Yellow orange light crept across the sky just as I finished typing. From my seat in our loft, I saw the sun rising red through the round window overlooking our scrubby three acres. I had been up all night, pouring my heart into letters that made words and paragraphs and pages of explanations and apologies and pleas for mercy. In a desperate attempt to appeal to the head director of the adoption placement agency, I had written our entire story, including the part about how we loved this child as if she were our own flesh and blood, promising that we would never do anything to intentionally cause her pain.
Our meeting with the director was scheduled for nine o’clock that morning. Please Lord God, I prayed as the printer spit out page after page, Please let him have compassion on us.
That’s how Chapter Eight begins – with me in a position of begging: begging God for mercy after I had compromised the truth by turning a blind eye to dishonesty. Begging the director for a second chance. Begging my spouse to stay present through the pain, rather than turning to the numbing comfort of his addiction. The begging did no good. I was broken.
Recently I read the story of King David, after he was approached by the prophet Nathan and forced to face his sin concerning beautiful Bathsheba (See 2 Samuel 12). It’s a heart-wrenching tale of a man who allowed his own desires to supercede his good sense, his calling, and his conscience. He got rebuked by the prophet and suffered some painful consequences, one being the death of his firstborn with Bathsheba. In verses 16-18, we find King David in the posture of pleading. He refused to eat for seven days, choosing instead to lie on the ground and allow himself to weep.
I understand his anguish. His guilt. His shame. King David’s moral failure resulted in devastating loss. So did mine.
The first time I walked through the dreaded Fourth Step in a recovery group, I was struck by the words “searching” and “fearless.” If you are unfamiliar with Step 4, it says, “We made a searching and fearless moral inventory of ourselves.”
I was terrified. I was also determined that there would be no skeletons in my closet and that I would ask the Holy Spirit to reveal anything I needed to add to my list. Although I had long ago repented of the sin of being dishonest on our adoption paperwork by neglecting to admit my knowledge of my spouse’s chemical dependency history, I had not allowed God to search the recesses of my heart for the motive behind my dishonesty.

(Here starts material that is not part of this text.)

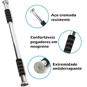 Barra de Porta Ajustável para Flexão - Musculação e Treinamento em Casa Transforme seu treino em casa com a nossa Barra de Porta Ajustável para Flexão Ideal para quem busca fortalecer a parte superior do corpo, esta barra oferece um treino eficaz e conveniente sem precisar sair de casa. Características:design Ajustável: A barra de porta é ajustável, permitindo que você encontre a altura e a largura ideais para a sua porta, garantindo uma fixação segura e personalizada para diferentes exercícios. Construção Robusta: Fabricada com materiais de alta qualidade e resistência, a barra é projetada para suportar o peso do corpo e oferecer estabilidade durante as flexões e outros exercícios. Fácil Instalação: Sem necessidade de ferramentas complicadas, a instalação é rápida e simples. Basta ajustar a barra na moldura da porta e começar a treinar. Versatilidade de Exercícios: Além das flexões, a barra é perfeita para diversos exercícios de treinamento de força, como elevações, abdominais e mais, aumentando a variedade e eficácia do seu treino. Compacta e Portátil: Ideal para uso em casa, no escritório ou em viagens, a barra é fácil de desmontar e armazenar, ocupando pouco espaço. Eleve sua rotina de exercícios com a Barra de Porta Ajustável para Flexão e alcance seus objetivos de musculação com praticidade e conforto. Garanta a sua hoje mesmo e comece a treinar de forma mais eficiente Medidas: Comprimento: 60cm até 100cm Altura e Largura: 3cm Marca: Não Informado Ean: 7894037004253

During the process of making my fearless and searching moral inventory, I asked God to reveal the motives of my heart that had led to past moral failures. When He did, I was surprised to learn that FEAR was at the root of my failure to report the truth on our paperwork. That dishonesty was a fruit that could be traced down to a root of fear in my life and a distrust of God’s ability to handle a situation without me manipulating it.
When the Holy Spirit revealed that truth to me, I realized that FEAR also operated in other areas of my life, manifesting itself in unhealthy ways. Working Step 4 allowed me to take a deeper look at what seemed like a one-time incident. It allowed me to see patterns of thinking and behaving that could be traced back to FEAR. It allowed me to come face to face with myself and face to face with my faith.
Can FEAR and FAITH operate simultaneously in our lives?
We are each invited to do a thorough self-examination. Lamentations 3:40 (NKJV) says, “Let us search out and examine our ways.” But, it doesn’t stop there. After we examine our ways, God invites us to turn our backs on the past and turn back to Him. Here’s verse 41: “And turn back to the Lord; Let us lift our hearts and hands to God in heaven.”
David is a good example of someone who does this well. After being confronted by the prophet, here’s what happens next: “So David said to Nathan, ‘I have sinned against the Lord.’ And Nathan said to David, ‘The Lord also has put away your sin; you shall not die’” (2 Samuel 12:13). Isn’t God gracious? After all that David had done to lust, commit adultery, impregnate another man’s wife, and have him murdered! Still, The Lord “put away his sin!”
After David pled with God for days, begging in vain to be that sinfully-conceived child’s father, he accepted his harsh reality. The baby would not live. Did not live. When he realized this truth, the Bible says, “David arose from the ground, washed and anointed himself, and changed his clothes; and he went into the house of the Lord and worshiped” (2 Samuel 12:20).
That’s a hard pill to swallow. But he took it like a man who trusted the heart of his heavenly Father. I cannot say that I completely understand this passage, nor can I fathom the reasons that an innocent child could not live. Even so, I choose to trust the heart of The Father.
I choose to trust Him now, and I chose the same, all those years ago when I was not allowed to raise the child I loved more than anything. Did I always choose worship as the avenue for healing? No. But sometimes I did. And when I did, those were the moments that gave me the courage to take one more step out of the valley of the shadow of death – the death of my dreams, the death of my marriage, the death of my life as I knew it.
Whatever your circumstance, whatever giants you face today, will you choose to fight your FEAR with FAITH? As you make your own “fearless and searching moral inventory,” will you simply ask God to show you the root of your sin and trust Him to love you anyway and restore you to wholeness? Will you choose to trust your Father’s heart with your Step 4?